I browsed through the folders, and I saw a couple of pictures taken during the first half of the year. Those days, I was happy. What happened, you ask. Honestly, I don’t know. No, I didn’t break up with some girl and end up posting this, emotional entry. And those photos in my folders are of me, and a few close friends.
Maybe it's the big Os that's causing me to feel like this. I'm exhausted, mentally exhausted. No, it's not the studying that's making me tired. I was on the verge of giving up. Until, this special someone came into my life. And encouraged me to keep on going and have faith. Yes, faith. Even simple words can leave a great impact on one's life. Thanks :-) Being sixteen isn’t as fun as i thought it would be (when I was fifteen).
Well, some teachers in school aren’t so nice either. the body language they portray whenever they walk pass me, or when I approach them for help is very, for lack of a better of a more insulting/filthy word, fucked up.
Yes I know I’m not the best student in class. I know for the past one and half year I didn’t show any interest in your lessons. But come on, I know what i did was wrong. I'm sorry. Hah, favoritism.

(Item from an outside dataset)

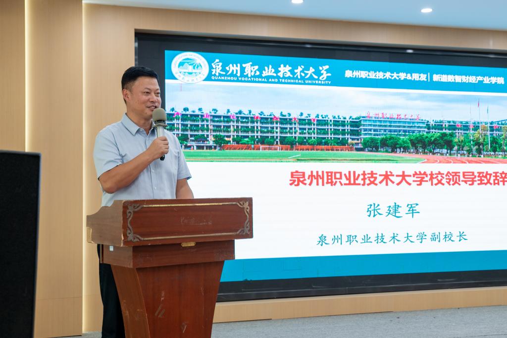 张建军代表学校致辞,指出新道数智财经产业学院的成立,是学校推进校企合作“三个一工程”的重要举措,是打造高水平数智商业服务专业群的一个重要支撑,也是深化职业本科教育改革、提高人才培养质量的一个重要抓手。希望产业学院在提升数智引领力、育人贡献力、内涵建设力、社会服务力上下功夫,着力打造校企合作品牌。希望各位同学珍惜机会,不断提高认知能力、学习能力、数智能力、创新能力和职业素养,努力成长为适应行业数字化、智能化发展需求的高层次技术技能人才。

If the teachers think that I’m just a typical secondary four student who showed no sign of interest at all since the start and then starts panicking since the exams are near and they aren’t willing to help then, I have nothing else to say. I'll show them that I can do it on my own, without their help and go into the course of my choice. I'm going to laugh right in your faces on that day when I get my results.
On a much lighter note, I have to thank all those who've never gave up on me. You guys are very much appreciated; thank you :-) to teachers who weren’t anal, thanks a lot ;-) to those who gave up on me and said that i was hopeless, incorrigible, thanks to all of you also. Ha-ha!
sorry for the filthy language, i just cant help it. and that picture doesnt belong to me, credits to deviantart.